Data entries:
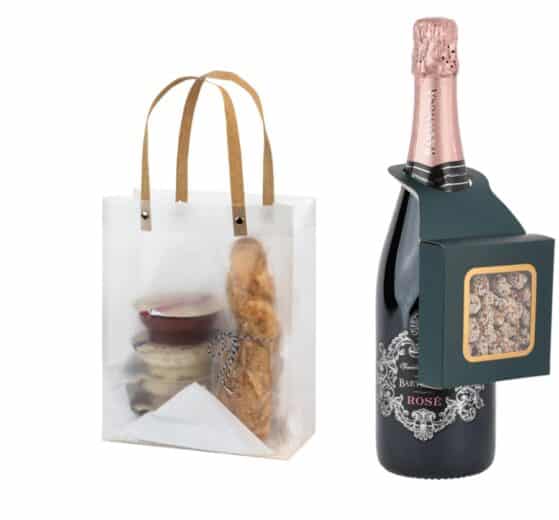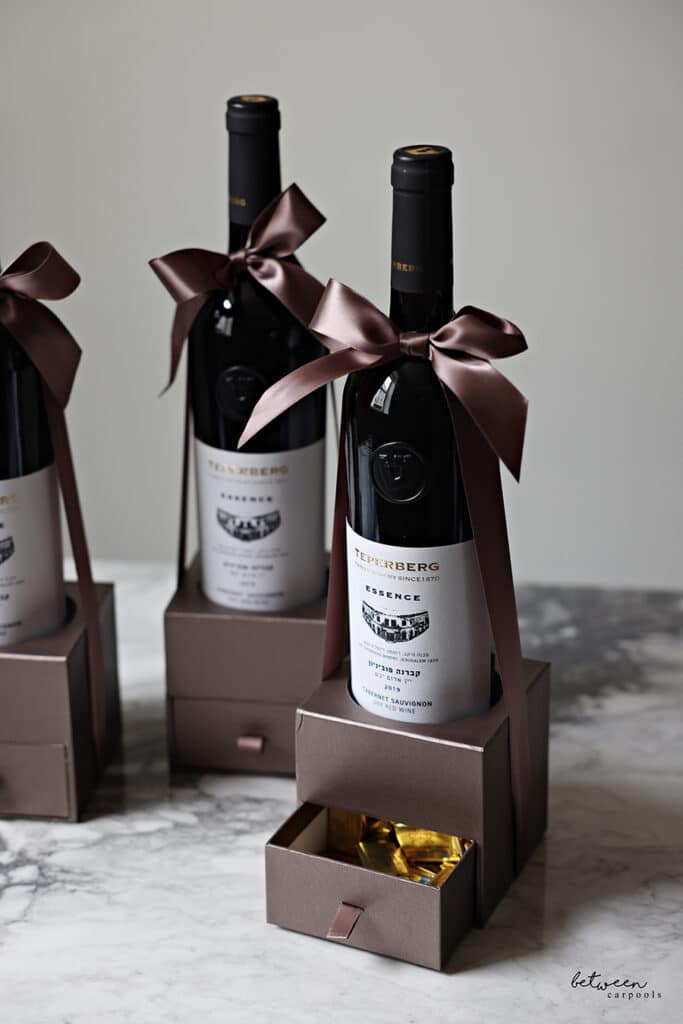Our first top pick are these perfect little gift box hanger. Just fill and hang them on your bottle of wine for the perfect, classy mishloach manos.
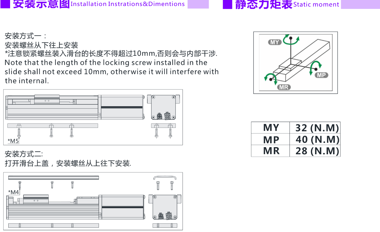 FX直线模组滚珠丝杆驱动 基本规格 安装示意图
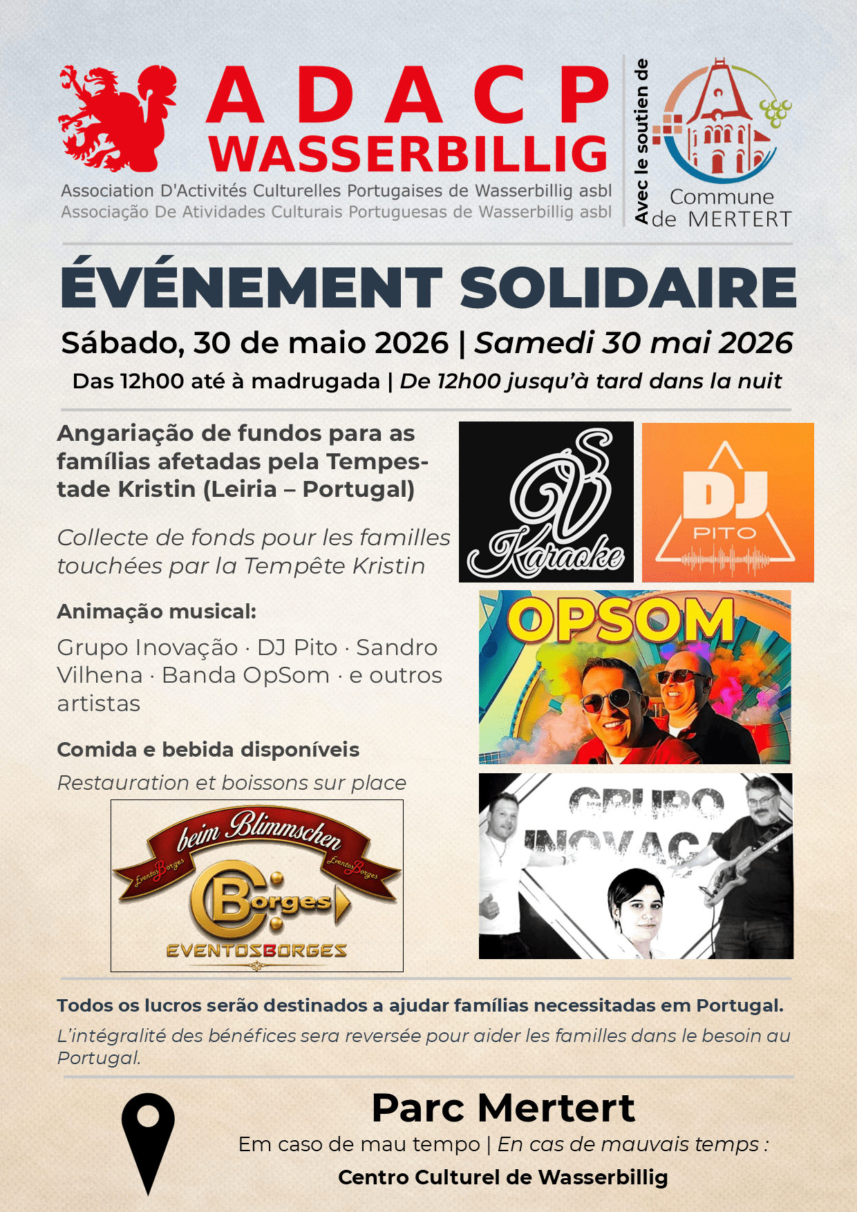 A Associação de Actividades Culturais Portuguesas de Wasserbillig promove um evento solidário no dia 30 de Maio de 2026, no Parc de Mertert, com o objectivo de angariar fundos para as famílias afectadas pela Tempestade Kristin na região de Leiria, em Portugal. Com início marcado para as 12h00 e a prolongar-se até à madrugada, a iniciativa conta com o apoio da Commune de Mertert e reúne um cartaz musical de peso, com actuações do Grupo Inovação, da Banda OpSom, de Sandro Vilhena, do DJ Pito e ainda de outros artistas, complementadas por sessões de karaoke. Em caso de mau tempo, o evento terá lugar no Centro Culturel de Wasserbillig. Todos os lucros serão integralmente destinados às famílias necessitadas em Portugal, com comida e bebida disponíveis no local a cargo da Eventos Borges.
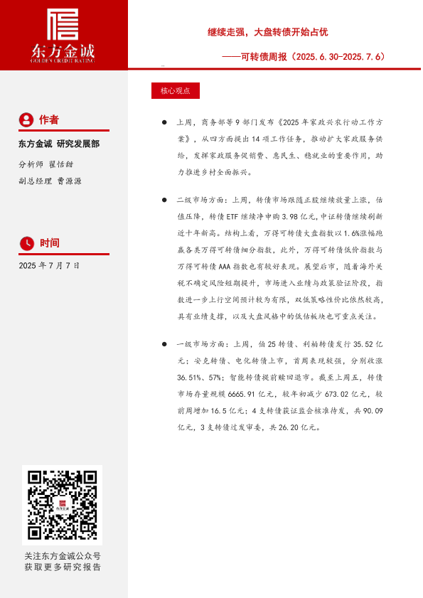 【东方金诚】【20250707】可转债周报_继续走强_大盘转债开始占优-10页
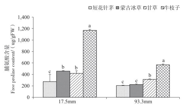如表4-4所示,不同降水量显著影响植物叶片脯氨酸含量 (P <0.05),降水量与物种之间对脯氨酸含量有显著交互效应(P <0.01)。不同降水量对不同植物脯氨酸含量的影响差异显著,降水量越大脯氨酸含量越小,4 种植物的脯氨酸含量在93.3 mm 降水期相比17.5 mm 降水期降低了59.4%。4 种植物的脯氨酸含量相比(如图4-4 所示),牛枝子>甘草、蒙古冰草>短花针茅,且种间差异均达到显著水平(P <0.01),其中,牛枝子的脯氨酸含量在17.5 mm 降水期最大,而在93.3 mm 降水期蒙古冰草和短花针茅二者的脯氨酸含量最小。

- WHAT IS EXPECTED: Every line from the one containing "FX直线模组滚珠丝杆驱动 基本规格 安装示意图" through the last line of the records is to be reproduced exactly, with pictures left out and nothing else given.

- RESULT OF THE TASK:
 FX直线模组滚珠丝杆驱动 基本规格 安装示意图
 A Associação de Actividades Culturais Portuguesas de Wasserbillig promove um evento solidário no dia 30 de Maio de 2026, no Parc de Mertert, com o objectivo de angariar fundos para as famílias afectadas pela Tempestade Kristin na região de Leiria, em Portugal. Com início marcado para as 12h00 e a prolongar-se até à madrugada, a iniciativa conta com o apoio da Commune de Mertert e reúne um cartaz musical de peso, com actuações do Grupo Inovação, da Banda OpSom, de Sandro Vilhena, do DJ Pito e ainda de outros artistas, complementadas por sessões de karaoke. Em caso de mau tempo, o evento terá lugar no Centro Culturel de Wasserbillig. Todos os lucros serão integralmente destinados às famílias necessitadas em Portugal, com comida e bebida disponíveis no local a cargo da Eventos Borges.
 【东方金诚】【20250707】可转债周报_继续走强_大盘转债开始占优-10页
如表4-4所示,不同降水量显著影响植物叶片脯氨酸含量 (P <0.05),降水量与物种之间对脯氨酸含量有显著交互效应(P <0.01)。不同降水量对不同植物脯氨酸含量的影响差异显著,降水量越大脯氨酸含量越小,4 种植物的脯氨酸含量在93.3 mm 降水期相比17.5 mm 降水期降低了59.4%。4 种植物的脯氨酸含量相比(如图4-4 所示),牛枝子>甘草、蒙古冰草>短花针茅,且种间差异均达到显著水平(P <0.01),其中,牛枝子的脯氨酸含量在17.5 mm 降水期最大,而在93.3 mm 降水期蒙古冰草和短花针茅二者的脯氨酸含量最小。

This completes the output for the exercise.